OSP: Please tell us about CureDuchenne—who you are, what you do, and the programs and projects you’ve got going on.

DM: CureDuchenne is the largest Duchenne organization, including programs in research, patient care and support, biobank services and advocacy.  Our mission is our name; to cure Duchenne muscular dystrophy.

CureDuchenne has provided funding to 15 projects that have progressed to human clinical trials, two of them receiving FDA approval.  We use a venture philanthropy model with invests in biotech companies and re-deploy proceeds from successful investments, back into further research.

OSP: Could you please tell us about Duchenne, and about the Duplication 2 mutation?

DM: Duchenne is caused by a defect on the dystrophin gene, the largest gene in the body.  When one or more exons (pieces of DNA that must fit together to make the dystrophin protein) are deleted, duplicated or otherwise out of order, the protein making mechanism stops.

The majority of Duchenne cases can be grouped together in the “hotspot” region of the gene, and the first therapies being investigated and approved, address the most common mutations.  Early on, CureDuchenne took a serious interest in rare Duchenne mutations; just because a boy was unlucky enough to have a rare mutation in addition to having a rare disease, this should not exclude them from a therapy.

Over 10 years ago, CureDuchenne connected with Dr. Kevin Flanigan, who was also interested in rare mutations.  In 2010, CureDuchenne provided funding to Dr. Flanigan’s lab to create a custom mouse that carries a duplicate exon 2. 

Over the next 10 years, CureDuchenne provided two additional grants to Dr. Flanigan to test U7 exon skipping of duplication 2 in this mouse model and complete the preclinical work that would lead to a human clinical trial.

The Duplication 2 mutation was interesting because if you are able to completely skip (mask) one copy of exon 2, you would end up with “wild-type” (normal) dystrophin production.  If, instead, the targeting is less precise and you mask both copies of exon 2, the dystrophin protein was still produced, thanks to an internal ribosome entry site (IRES). 

The IRES basically kick starts the production of a functional dystrophin protein at exon 6.  This provided a safe target to employ a novel therapeutic approach.

OSP: Please tell us about the Center for Gene Therapy—has CureDuchenne worked with them in the past, or have they tackled Duchenne-related research previously?

DM: The Gene Therapy Center at Nationwide Children’s Hospital has a significant focus on neuromuscular diseases, including Duchenne.  In 2010, CureDuchenne funded a biotech company, Sarepta that worked closed with Nationwide for a first-generation exon skipping program later called Exondys 51, which became the first therapy approved for Duchenne; Sarepta then turned a great deal of focus on gene therapy and continues to work closely with Nationwide.

OSP: Please tell us about study, the gene-therapy vector and the two boys.

DM: Nationwide Children’s licensed the technology for U7 exon skipping for duplication 2, as well as a couple additional exons, to Audentes.  Audentes was subsequently acquired by Astellas, a large pharmaceutical company.  The development of these therapies is ongoing, albeit, possibly delayed by Covid. 

Dr.
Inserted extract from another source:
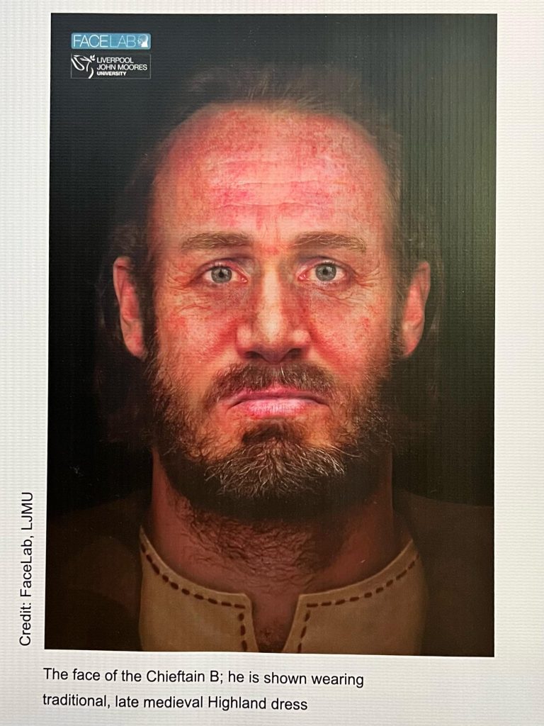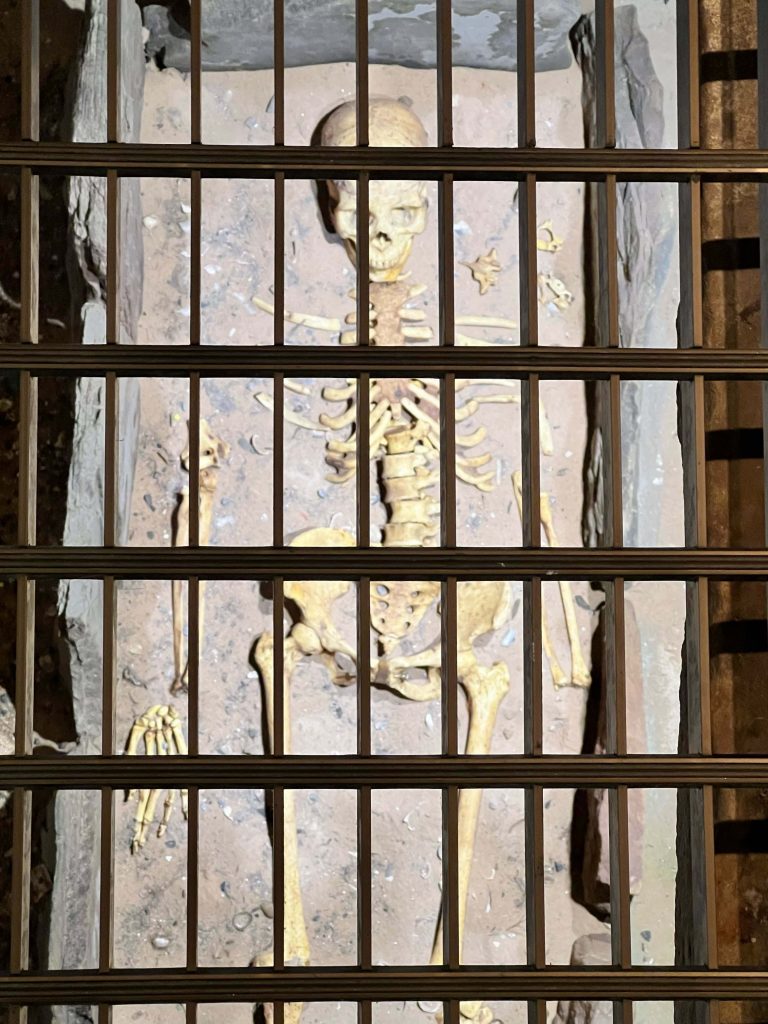Auch das Grab eines Clanchefs wurde eröffnet und untersucht. Mit 4 anderen Totenschädel wurde er hier bestattet – wer das wohl gewesen ist und: mussten die extra sterben??? – und das ”FaceLab” hat sogar rausbekommen, wie er früher mal aussah. Eine Rekonstruktion seiner Überreste liegt dem Besucher zu Füßen und kann durch Gitter begutachtet werden.
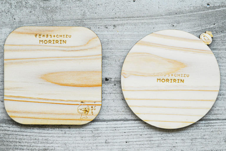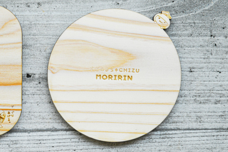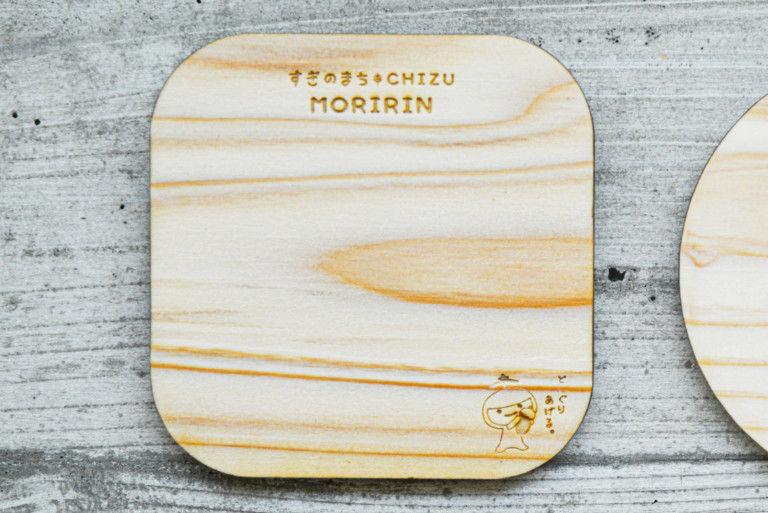 智頭杉の特徴を伝えるノベルティグッズとして、智頭町森林セラピーイメージキャラクター「もりりん」をモチーフにしたコースターを制作しました。

Flanigan reserved the right to treat two patients, who remain anonymous.  We are anxiously awaiting news of their progress and hopeful that many more Duchenne patients will be able to take advantage of Dr. Flanigan’s discovery.

OSP: What’s the next step?

DM: We believe that another biotech company has licensed this U7 technology for at least one other exon program, exon 44.  But, this has not been publicly disclosed. 

Since this is the exon skipping program that my son requires, I’m obviously anxious to see that it gets developed quickly and that it does not sit on a shelf due to competition with existing exon skipping programs.

OSP: Finally, what’s one thing you’d like people to know about Duchenne?

DM: Duchenne is a 100% fatal disease; most boys lose their ability to walk by the age of 15 and succumb to the disease by the time they are in their mid-twenties.  CureDuchenne’s funded research has now progressed to phase III trials and we have real hope.

We funded a gene therapy company that was acquired by Pfizer in 2016.  The patients in the first gene therapy trial seem to be doing very well.  Unfortunately, gene therapy trials only enroll very young patients. 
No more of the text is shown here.